- [Source material]
------------------------------------
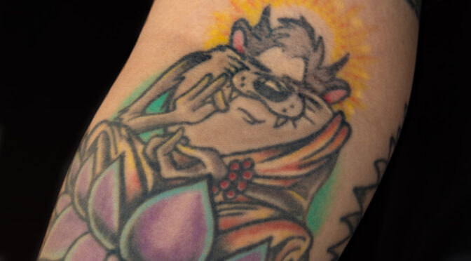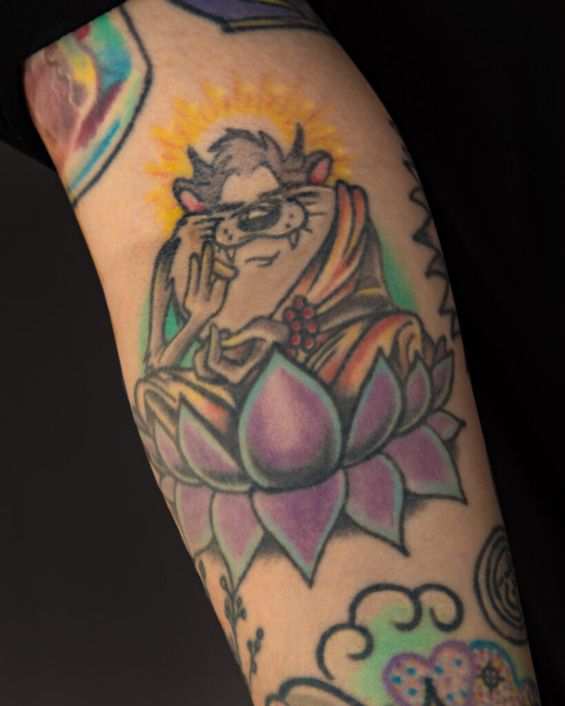 When he passed away, a few of our family members got tattoos in honor of him. I chose Taz dressed as a monk because it combined his favorite cartoon character and one of his last endeavors of becoming a Buddhist monk, searching for inner peace.
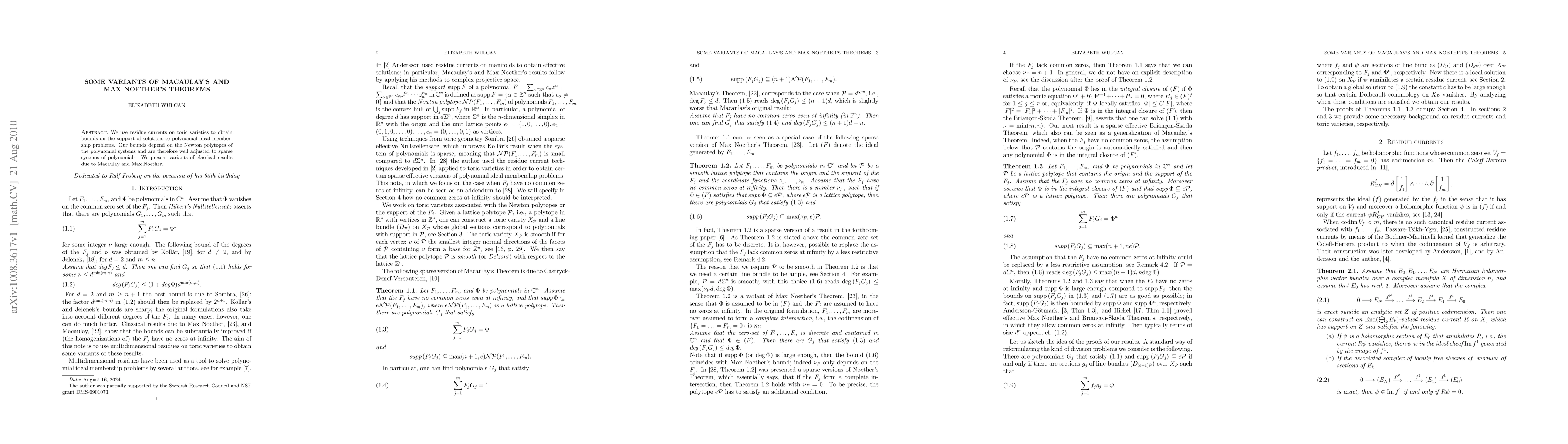 Researchers used residue currents on toric varieties to establish bounds for polynomial ideal membership problems, focusing on sparse systems of polynomials. They also presented variants of classical results by Macaulay and Max Noether.
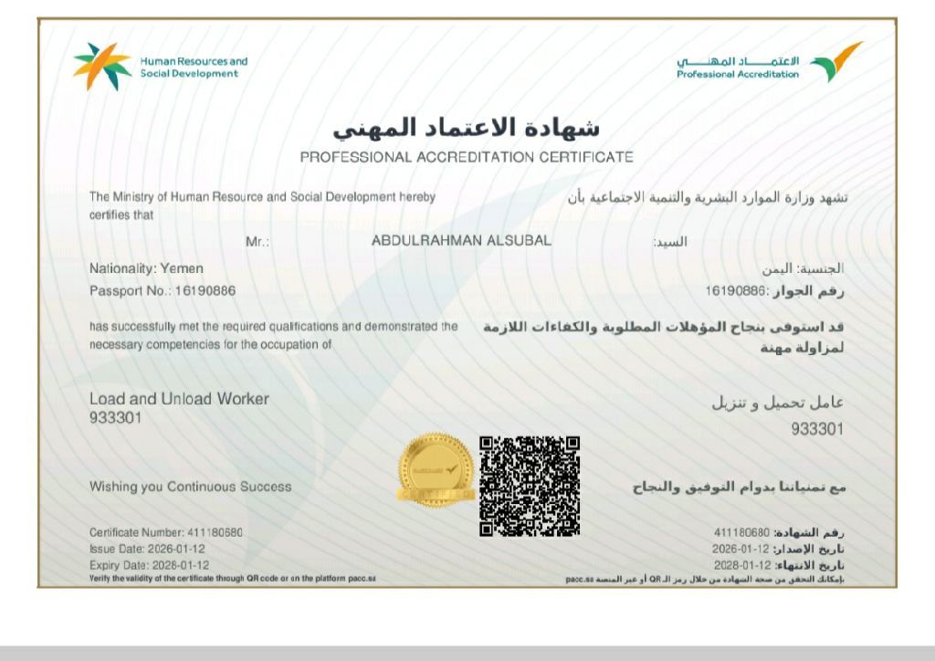 عامل يمني الجنسية جامعي وحاصل علي شهادة من الاعتماد المهني إقامة سارية ومجددة
------------------------------------
- [Task brief] Write the data out again exactly, but without its images.

- [Written response]
 When he passed away, a few of our family members got tattoos in honor of him. I chose Taz dressed as a monk because it combined his favorite cartoon character and one of his last endeavors of becoming a Buddhist monk, searching for inner peace.
 Researchers used residue currents on toric varieties to establish bounds for polynomial ideal membership problems, focusing on sparse systems of polynomials. They also presented variants of classical results by Macaulay and Max Noether.
 عامل يمني الجنسية جامعي وحاصل علي شهادة من الاعتماد المهني إقامة سارية ومجددة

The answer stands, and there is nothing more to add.